‘Ebola-like’ Marburg virus cases reported in Ghana, WHO declares outbreak in the country

Viruses like Ebola, Marburg virus, Ghana
Image Source: AP ‘Ebola-like’ Marburg virus cases reported in Ghana, WHO declares outbreak in the country

Highlight

  • The World Health Organization has declared the first outbreak of Ebola-like Marburg virus in Ghana.
  • Labs confirmed the infection in two cases announced earlier this month.
  • The first case was of a 26-year-old male, who checked into a hospital on 26 June and died on 27 June.

Marburg virus in Ghana: The World Health Organization has declared the first outbreak of Ebola-like Marburg virus disease in Ghana, following laboratory confirmation of infection in two cases announced earlier this month.

The disease, a highly contagious hemorrhagic fever in the same family as Ebola, is transmitted to people by fruit bats and through direct contact with bodily fluids of infected people and surfaces, the WHO said.

Preliminary analysis of samples from two patients from Ghana’s southern Ashanti region – both who died and were unrelated – turned out to be positive, but were sent to the Pasteur Institute in Dakar, Senegal for full confirmation.

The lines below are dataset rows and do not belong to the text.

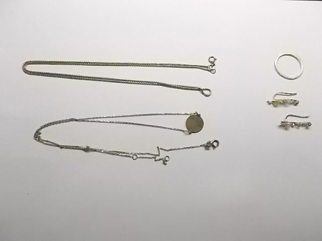 Zestaw złotej biżuterii, w skład którego wchodzi: - 1x łańcuszek, próba 333, waga 1,68 g - 1x łańcuszek, próba 333, waga 2,43 g - 1x obrączka z kamieniami, rozmiar 10, próba 585, waga 1,09 g - 1x para kolczyków z kamieniami, próba 585, waga 1,64 g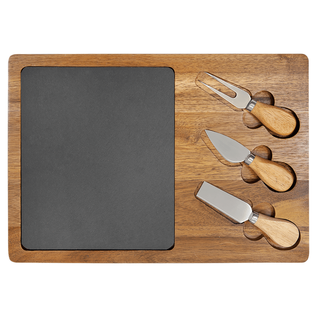 Acacia Wood/Slate Rectangle Cheese Set with Three Tools, 13 3/4" x 9 3/4"
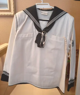 Traje de comunión para niño de El Corte Inglés. Marinero clásico. Talla 10. - Camisa blanca con cuello marinero. - Corbata azul marino con detalles blancos. - Puños y cuello con ribete azul marino. - Pantalón blanco con bolsillos, botón y trabillas para cinturón. - Cinturón incluido. - Una puesta. - Guardado siempre en funda. - Alguna mancha. Se recomienda llevar al tinte.
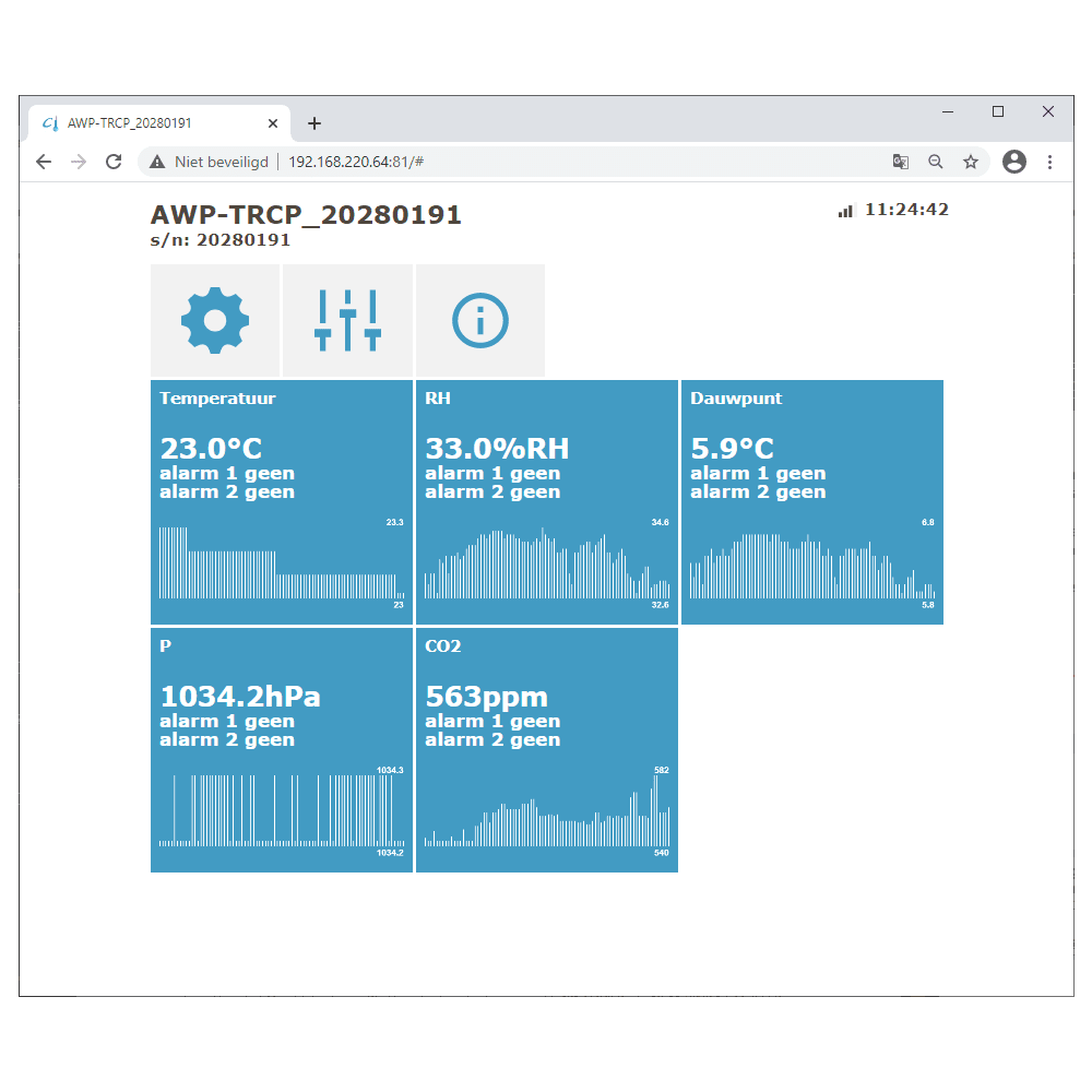 Online meten en bewaken van: temperatuur, relatieve vochtigheid, dauwpunt en atmosferische druk

The United Nations health agency’s laboratory confirmed the results from the Noguchi Memorial Institute for Medical Research in Ghana, the WHO said in a statement on Sunday.

The first case was of a 26-year-old male, who checked into a hospital on 26 June and died on 27 June.

The other was a 51-year-old male who had gone to the hospital on June 28 and died the same day, the WHO said, adding that both men sought treatment at the same hospital.

“Health officials have responded rapidly, have begun to prepare for a potential outbreak,” said WHO’s regional director for Africa, Dr.
Matshidiso Moeti.

“This is good because without immediate and decisive action, Marburg could easily get out of hand. WHO is supporting health officials and now that the outbreak has been declared, we are marshalling more resources to respond “

The WHO said more than 90 contacts, including health workers and community members, have been identified and are being monitored. Marburg is potentially very harmful and deadly: case fatalities ranged from 24 percent to 88 percent in previous outbreaks.

The outbreak is only the second time the disease has been detected in West Africa – after a single case was confirmed in Guinea in August, according to the WHO.
The outbreak in Guinea was declared five weeks later.

Previous Marburg outbreaks and individual cases have been reported in Angola, Congo, Kenya, South Africa and Uganda, the WHO said.